Against Late Fall Hardwoods, Summit scores 42/100 (), while Late scores 31/100 ().
Based on color alignment, breakup scale, and texture density, the AI sees an approximate 11-point lean toward Summit in this particular environment.
Killik Summit and Cordia Late are both mixed-scale patterns, so they behave similarly from a scale point of view. Killik Summit leans toward larger, macro-scale blocks, while Cordia Late balances micro and macro elements, which shifts how each holds up in close cover versus more open sightlines. They are also similar in overall density, so neither one is dramatically busier or more open.
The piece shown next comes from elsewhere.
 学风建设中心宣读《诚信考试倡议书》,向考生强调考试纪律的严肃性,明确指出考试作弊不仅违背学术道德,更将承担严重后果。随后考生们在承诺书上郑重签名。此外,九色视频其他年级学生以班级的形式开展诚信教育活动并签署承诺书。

Killik Summit vs Cordia Late
Killik Summit and Cordia Late have been analyzed using our CamoMatrix AI engine, which measures scale, density, and edge behavior directly from the flat pattern artwork. Both land in the mixed-scale category, meaning they balance fine texture with larger breakup blocks instead of living at one extreme. Density is similar, so neither pattern overwhelms the eye or leaves too much empty space. Edge work is alike as well — both mixes both hard and soft edges, which affects how smoothly (or abruptly) each pattern merges with real brush, trunks, and rocks. As always, these results come from flat pattern imagery. Real-world performance depends heavily on terrain, season, and how the garments fit and move.
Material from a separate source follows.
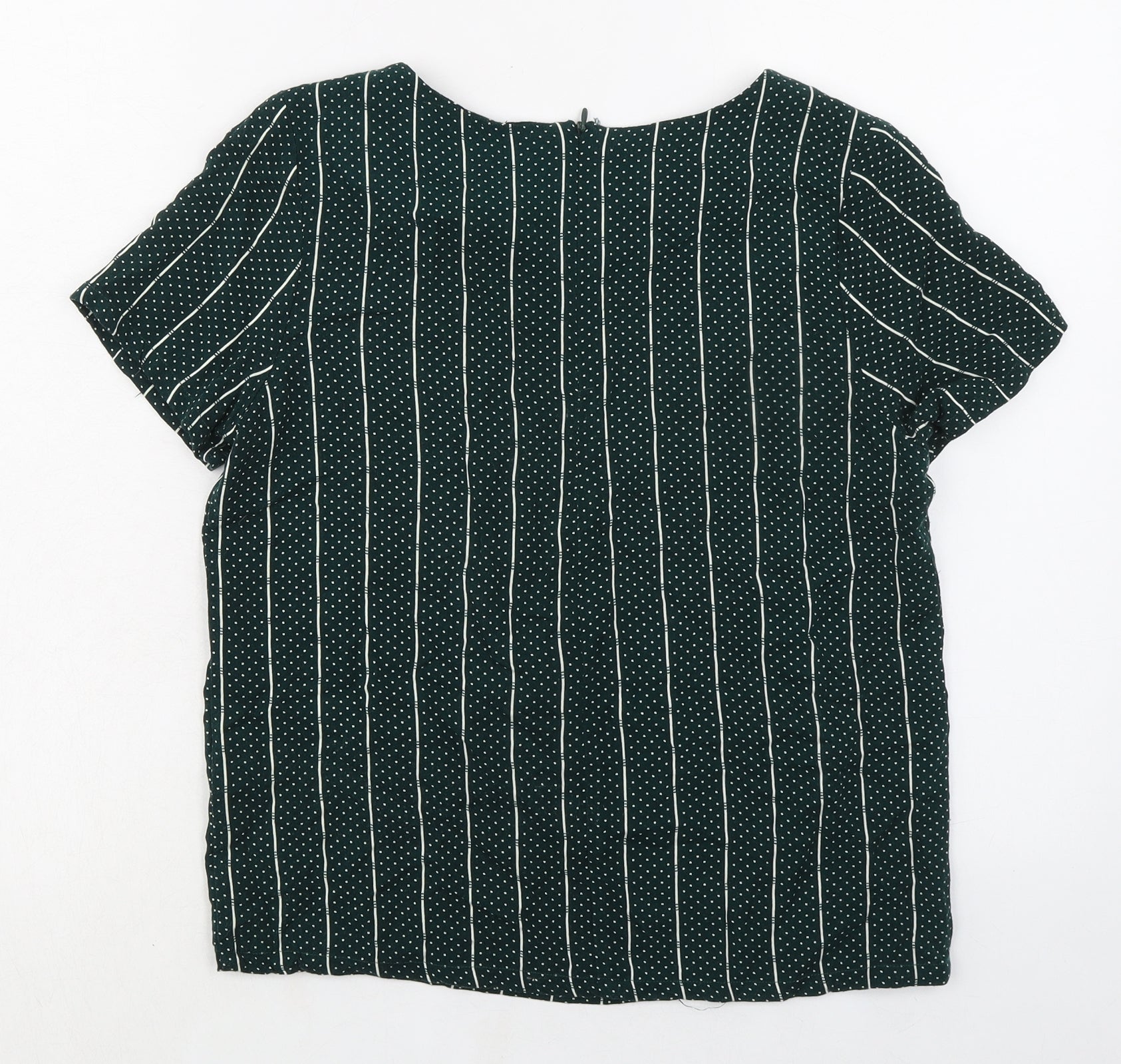 Womens Green Striped Viscose Basic Blouse Size 6 Boat Neck

This is a pattern-only comparison from flat artwork. Terrain, season, and real backgrounds will still push one or the other ahead in specific setups.
Learn how the CamoMatrix AI evaluates camouflage patterns
Defines the dominant size of shapes in the pattern.
Indicates which scale range the pattern leans toward overall.
How busy the pattern is with shapes and noise.
How hard or soft shape boundaries are.